The rabbit out of the hat in the budget were the 130% investment allowances against corporation tax for the next two years. The danger of this measure is that it just brings forward investment, with little increase in investment over the next decade (see Chart 2.11 of OBR forecast, p63). In that case the main beneficiary is the balance sheet of large companies at the public’s expense. With the recovery already forecast to be pretty rapid over the next two years, it isn’t obvious why this bringing forward will be of much benefit.

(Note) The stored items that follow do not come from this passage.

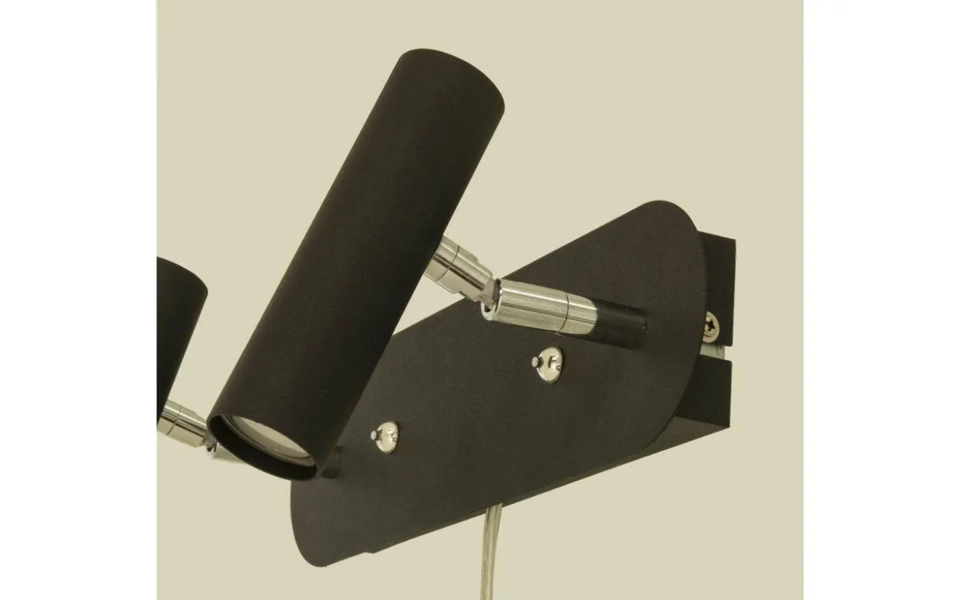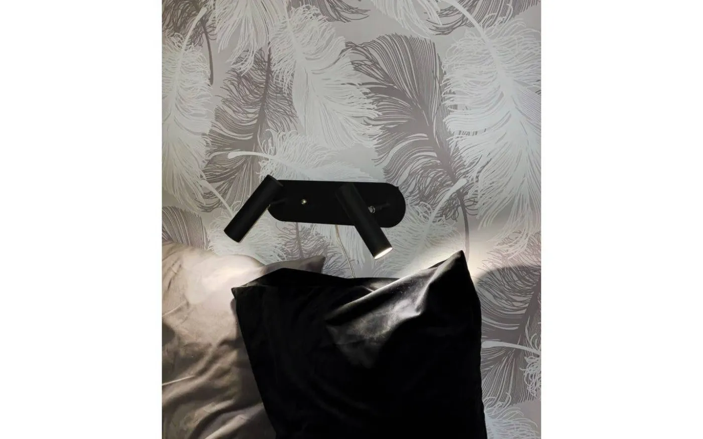Artic dubbel vägglampa i svartlackerad metall med detaljer i krom. 2 justerbara huvud med LED -ljuskälla som ger behagligt varmt vitt ljus. Kan dimmas separat. Lampan är monterad med bygel och sladden är 250 cm lång.
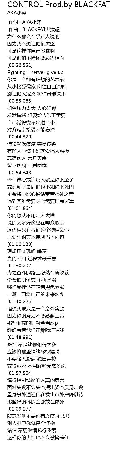 | [00:01.000] | 作曲 : BLACKFAT洪汝超 |
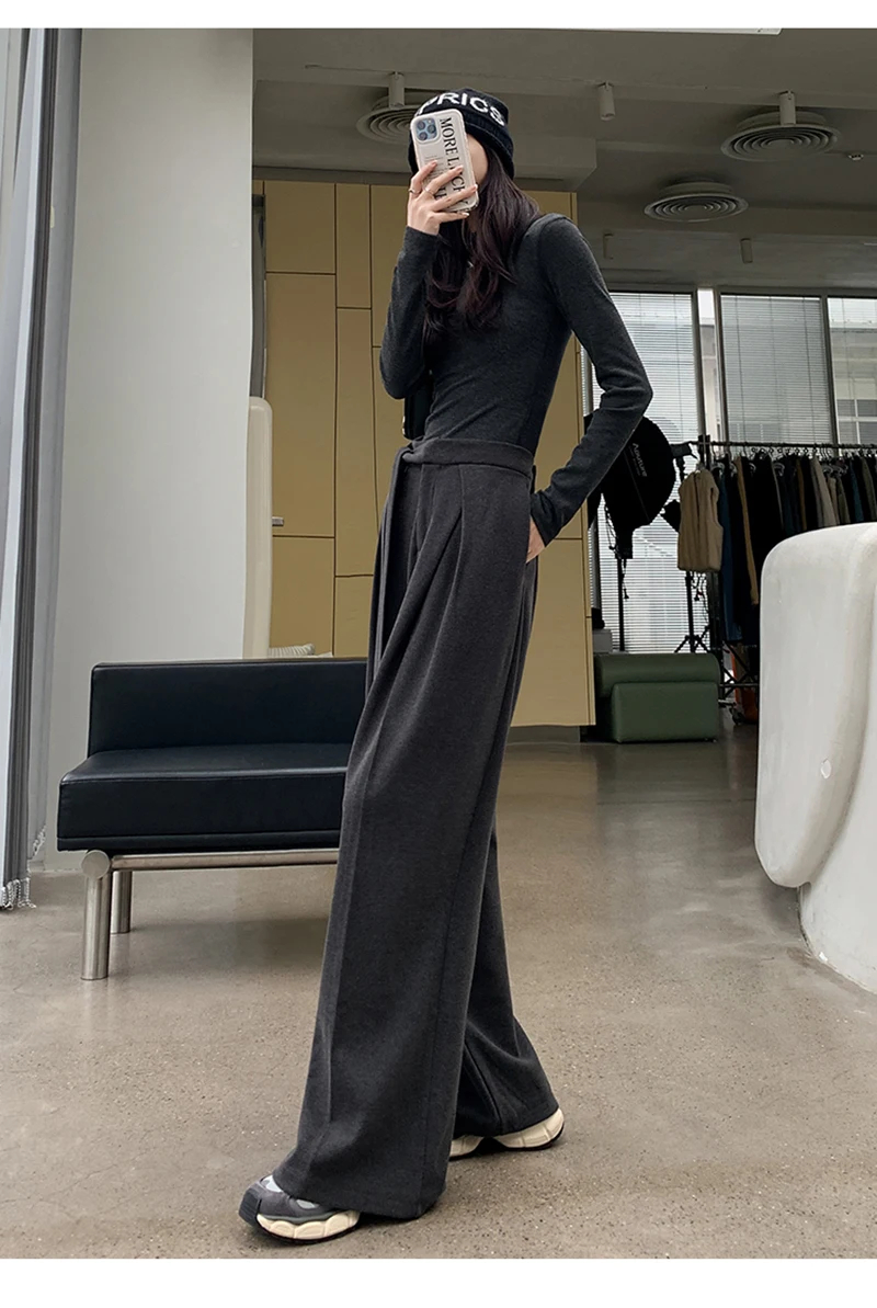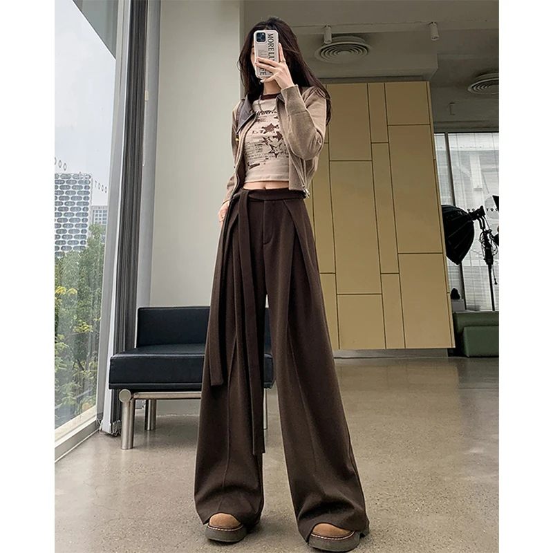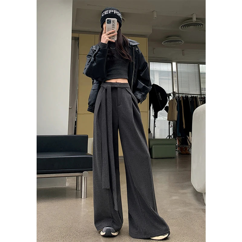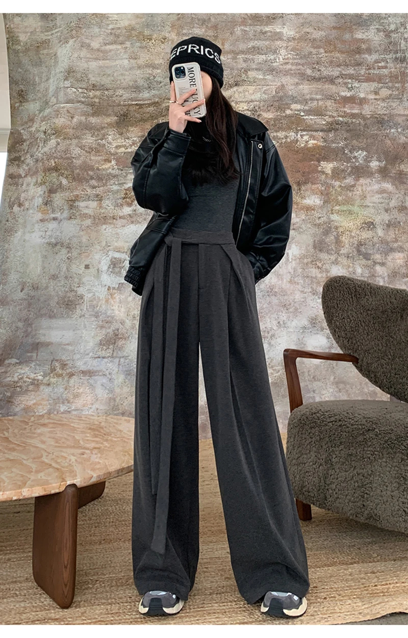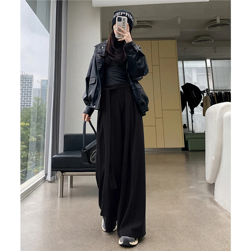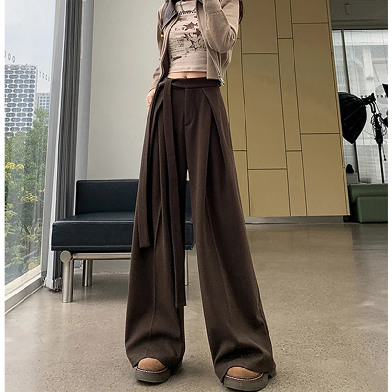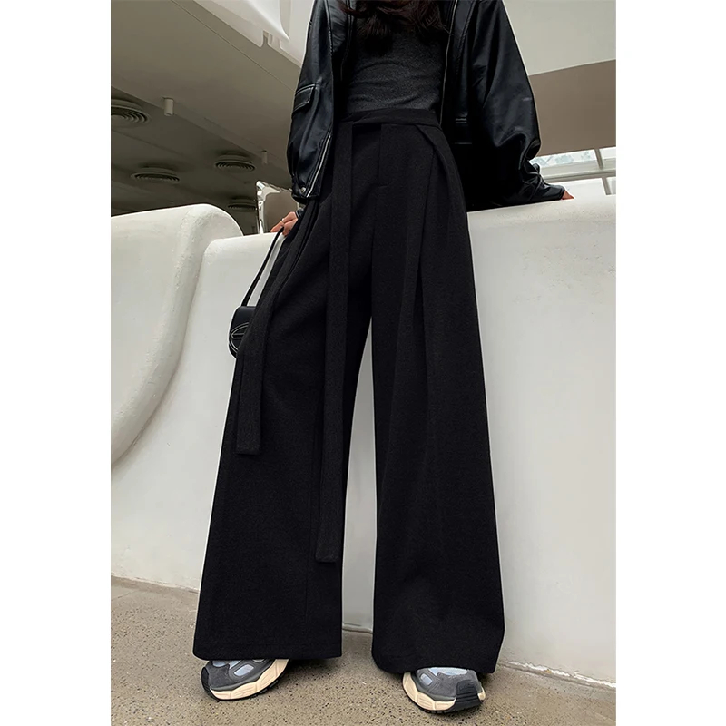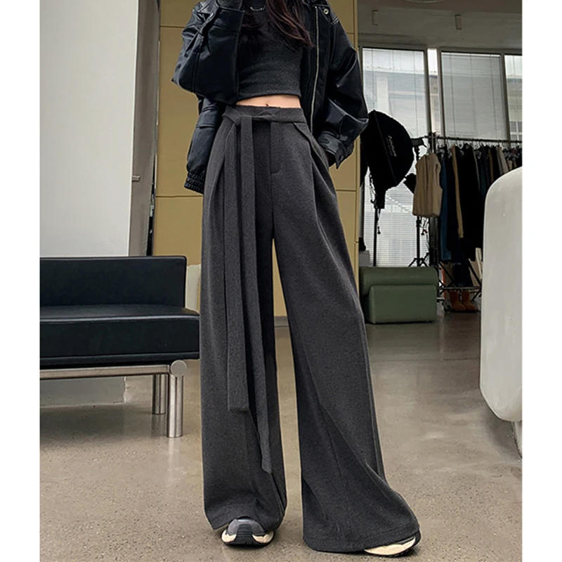 Woolen Wide Leg Pants Women Fashion Lace Up Black Baggy Suit Pants Winter Streetwear Korean Casual Straight Trousers New

What I was hoping for was a budget that created a balanced recovery, rather than a recovery driven mainly by better off consumers. There was absolutely nothing in the budget in this respect. We have public spending cuts (see page 8, some already announced but added to in this budget). Nothing to stop councils increasing council tax by 5% and repairing local services. The apparent cap of 3% public investment to GDP remains, despite the urgent need to help green the economy at a time of low interest rates. And nothing to help those from the lowest income quintile that have lost out in the pandemic. The increase in wealth inequality produced by the pandemic is not going to be reversed.
In the post above I say that fiscal consolidation should not start until both short interest rates and expected inflation are both above 2%. Neither is true in the OBR forecast. We have the crazy situation that fiscal retrenchment is happening while interest rates are forecast to remain at or below 0.5%. This makes no sense in economic terms. Macroeconomic policy is meant to stimulate a recovery, not to promise lots of higher taxes.
So we have an austerity budget. It may not be on the scale of George Osborne in 2010, but it remains about fiscal consolidation before we have begun to recover from a deep recession. The Conservatives have never come to terms with the gravity of their error from 2010 onwards, and remain attracted to playing on the media’s false understanding of what responsible policy is. Next to what is happening in the United States, Sunak’s policy seems totally perverse. What will suffer, just as under George Osborne, will be average prosperity in the UK.
 The left have criticised the Labour leadership a lot on this, with nonsense like this makes Labour to the right of the Tories. The position that you want to combine an increase in CT with additional stimulus (particularly anything helping investment) is perfectly respectable, but not transparent when the debate will be the economic consensus versus the mediamacro (we should worry about the deficit). When Sunak’s economic stimulus falls short this Wednesday, the argument for raising CT becomes much harder to make.